**Material provided**
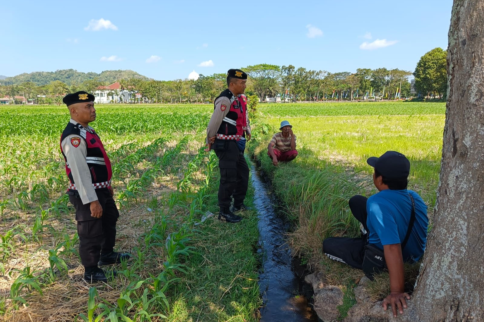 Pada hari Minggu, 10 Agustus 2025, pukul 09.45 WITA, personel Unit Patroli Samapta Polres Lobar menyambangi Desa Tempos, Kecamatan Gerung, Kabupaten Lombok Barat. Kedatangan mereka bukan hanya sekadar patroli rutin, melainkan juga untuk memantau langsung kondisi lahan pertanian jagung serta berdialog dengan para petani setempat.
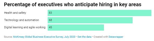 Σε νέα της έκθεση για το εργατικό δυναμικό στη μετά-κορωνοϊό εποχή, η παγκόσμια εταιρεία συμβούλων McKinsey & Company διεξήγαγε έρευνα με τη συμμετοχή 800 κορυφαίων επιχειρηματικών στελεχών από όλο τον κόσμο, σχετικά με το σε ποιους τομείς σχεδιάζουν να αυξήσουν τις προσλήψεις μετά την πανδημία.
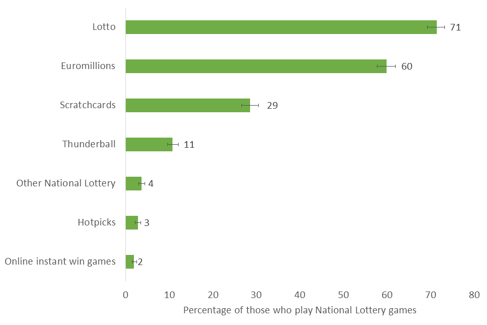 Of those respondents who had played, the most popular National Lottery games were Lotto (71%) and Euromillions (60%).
---
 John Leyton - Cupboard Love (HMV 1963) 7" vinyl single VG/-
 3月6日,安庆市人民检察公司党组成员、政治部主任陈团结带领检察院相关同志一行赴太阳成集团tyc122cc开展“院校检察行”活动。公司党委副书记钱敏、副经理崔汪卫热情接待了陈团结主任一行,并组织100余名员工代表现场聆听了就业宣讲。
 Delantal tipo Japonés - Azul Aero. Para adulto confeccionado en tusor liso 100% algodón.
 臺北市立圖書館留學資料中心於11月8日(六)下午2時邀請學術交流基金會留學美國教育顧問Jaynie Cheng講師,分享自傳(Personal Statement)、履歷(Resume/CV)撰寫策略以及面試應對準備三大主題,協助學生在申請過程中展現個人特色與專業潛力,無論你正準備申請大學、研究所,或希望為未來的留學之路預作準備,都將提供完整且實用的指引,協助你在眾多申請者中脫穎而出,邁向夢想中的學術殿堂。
--
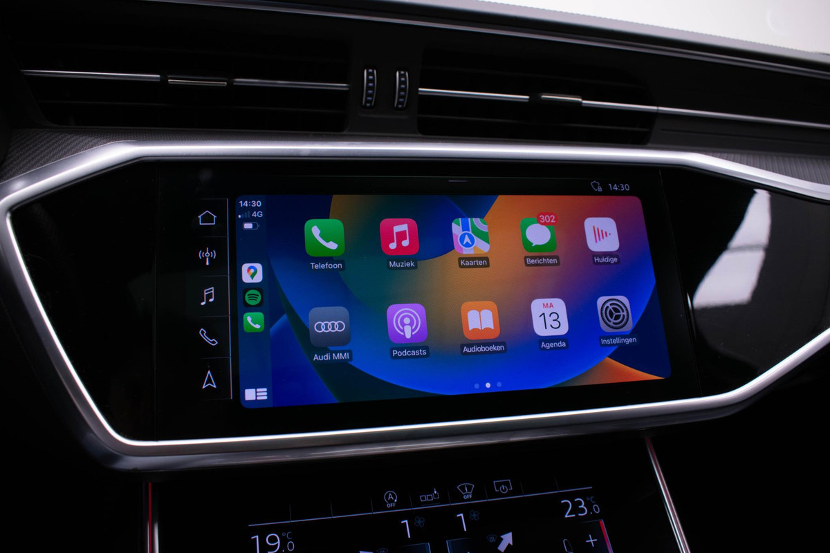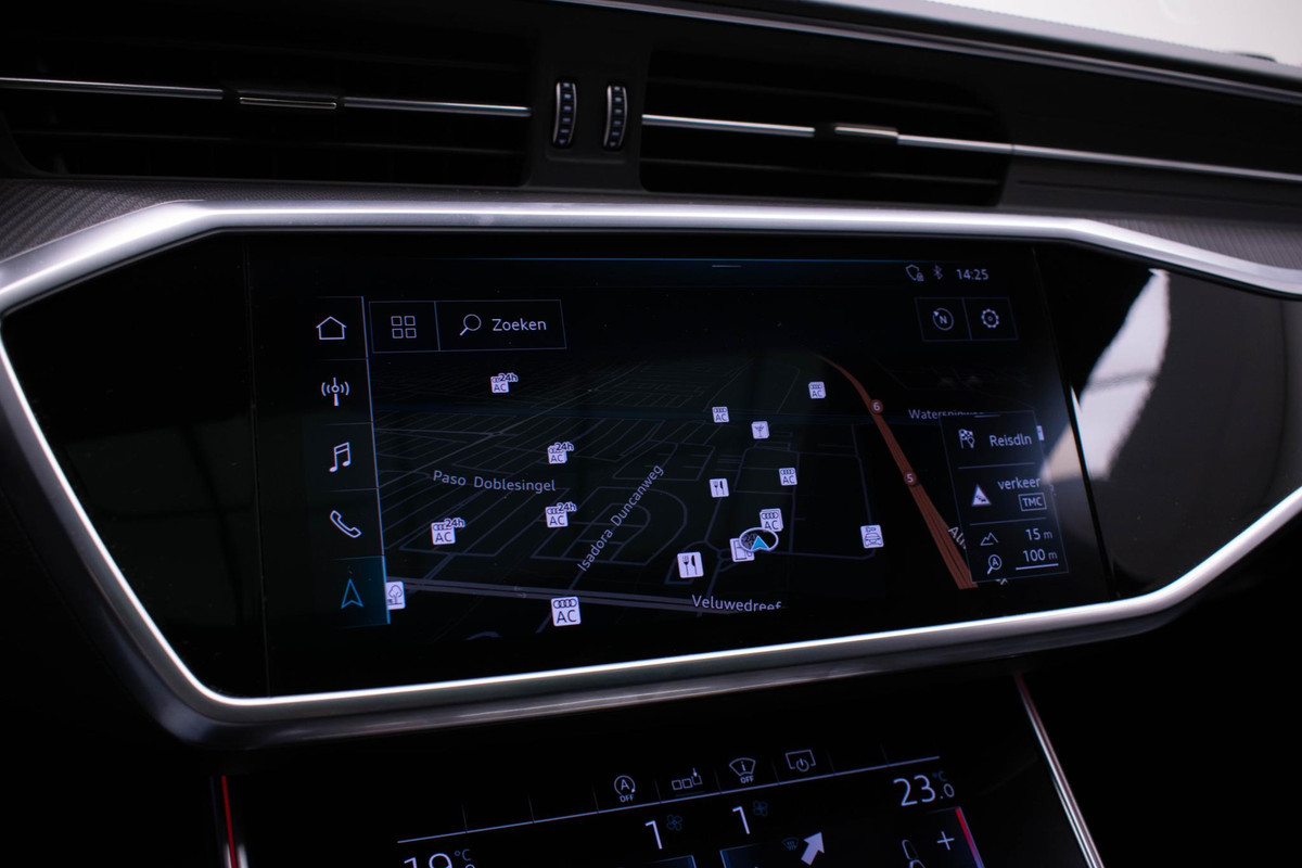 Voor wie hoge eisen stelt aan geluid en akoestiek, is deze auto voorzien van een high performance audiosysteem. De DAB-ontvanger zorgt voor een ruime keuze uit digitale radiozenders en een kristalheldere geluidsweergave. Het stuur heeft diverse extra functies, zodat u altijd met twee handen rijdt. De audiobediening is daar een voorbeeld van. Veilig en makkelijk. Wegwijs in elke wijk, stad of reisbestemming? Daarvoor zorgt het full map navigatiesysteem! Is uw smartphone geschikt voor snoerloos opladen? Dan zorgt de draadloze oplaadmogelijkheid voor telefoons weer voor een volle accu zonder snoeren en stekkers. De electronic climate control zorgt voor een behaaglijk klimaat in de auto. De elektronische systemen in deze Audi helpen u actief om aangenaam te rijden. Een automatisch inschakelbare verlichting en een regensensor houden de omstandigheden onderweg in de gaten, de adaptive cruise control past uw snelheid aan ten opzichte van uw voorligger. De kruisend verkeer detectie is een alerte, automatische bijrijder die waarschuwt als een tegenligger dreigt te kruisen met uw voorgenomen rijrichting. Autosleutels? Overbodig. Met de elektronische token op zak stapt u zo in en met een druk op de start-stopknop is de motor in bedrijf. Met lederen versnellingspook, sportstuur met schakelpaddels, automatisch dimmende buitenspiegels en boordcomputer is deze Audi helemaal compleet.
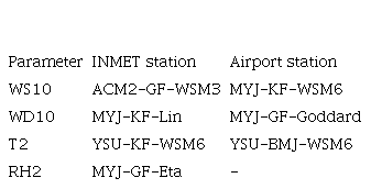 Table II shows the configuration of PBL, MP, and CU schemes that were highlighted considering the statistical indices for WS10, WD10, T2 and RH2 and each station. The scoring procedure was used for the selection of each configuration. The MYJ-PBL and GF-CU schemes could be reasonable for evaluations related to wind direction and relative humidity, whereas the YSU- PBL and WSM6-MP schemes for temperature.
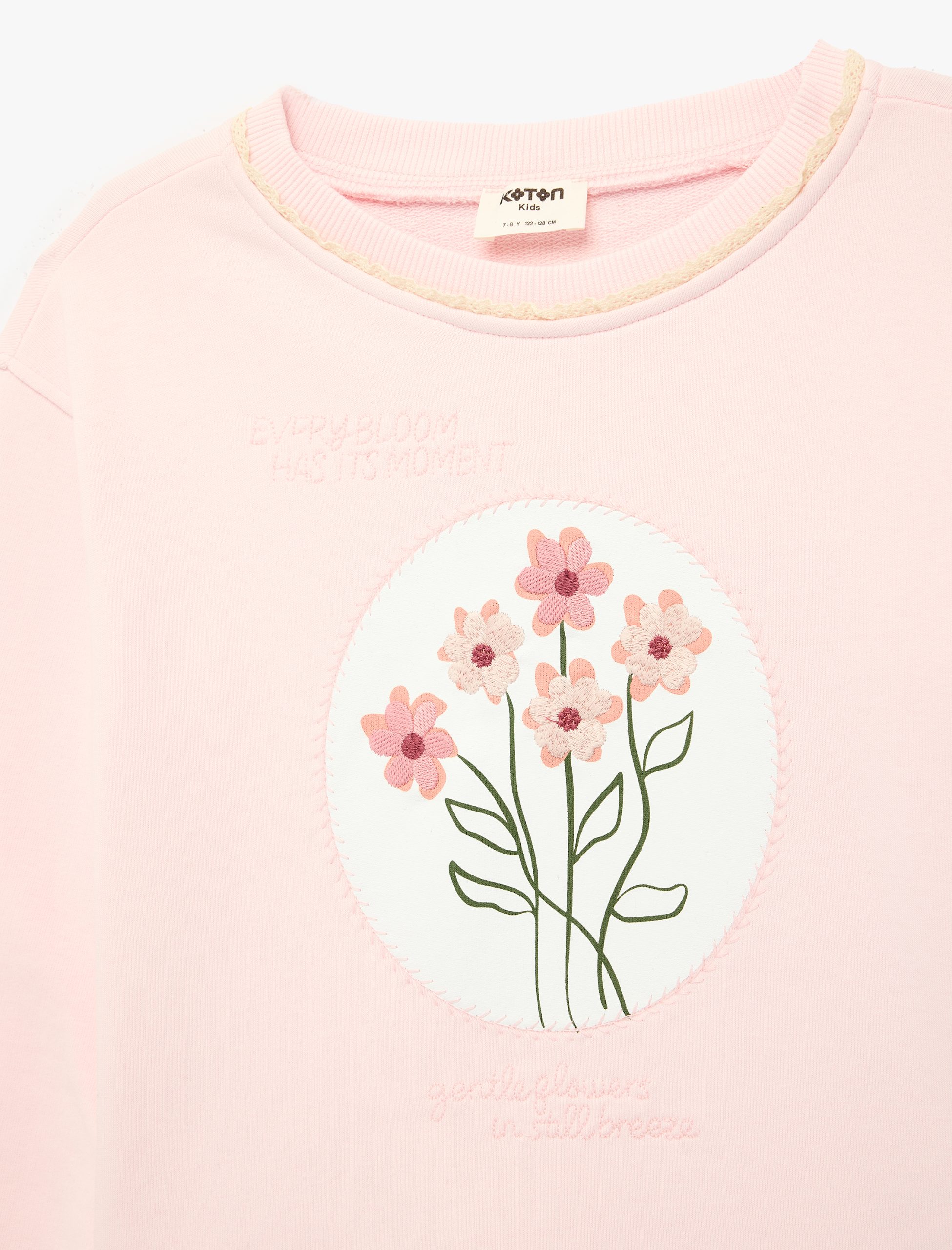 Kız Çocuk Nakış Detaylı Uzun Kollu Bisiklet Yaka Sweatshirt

**Task directions**
Copy out exactly the lines above beginning with the line that contains "Pada hari Minggu, 10" and finishing with the line that contains "Of those respondents", including both; leave the pictures out.

**Solution to this task**
 Pada hari Minggu, 10 Agustus 2025, pukul 09.45 WITA, personel Unit Patroli Samapta Polres Lobar menyambangi Desa Tempos, Kecamatan Gerung, Kabupaten Lombok Barat. Kedatangan mereka bukan hanya sekadar patroli rutin, melainkan juga untuk memantau langsung kondisi lahan pertanian jagung serta berdialog dengan para petani setempat.
 Σε νέα της έκθεση για το εργατικό δυναμικό στη μετά-κορωνοϊό εποχή, η παγκόσμια εταιρεία συμβούλων McKinsey & Company διεξήγαγε έρευνα με τη συμμετοχή 800 κορυφαίων επιχειρηματικών στελεχών από όλο τον κόσμο, σχετικά με το σε ποιους τομείς σχεδιάζουν να αυξήσουν τις προσλήψεις μετά την πανδημία.
 Of those respondents who had played, the most popular National Lottery games were Lotto (71%) and Euromillions (60%).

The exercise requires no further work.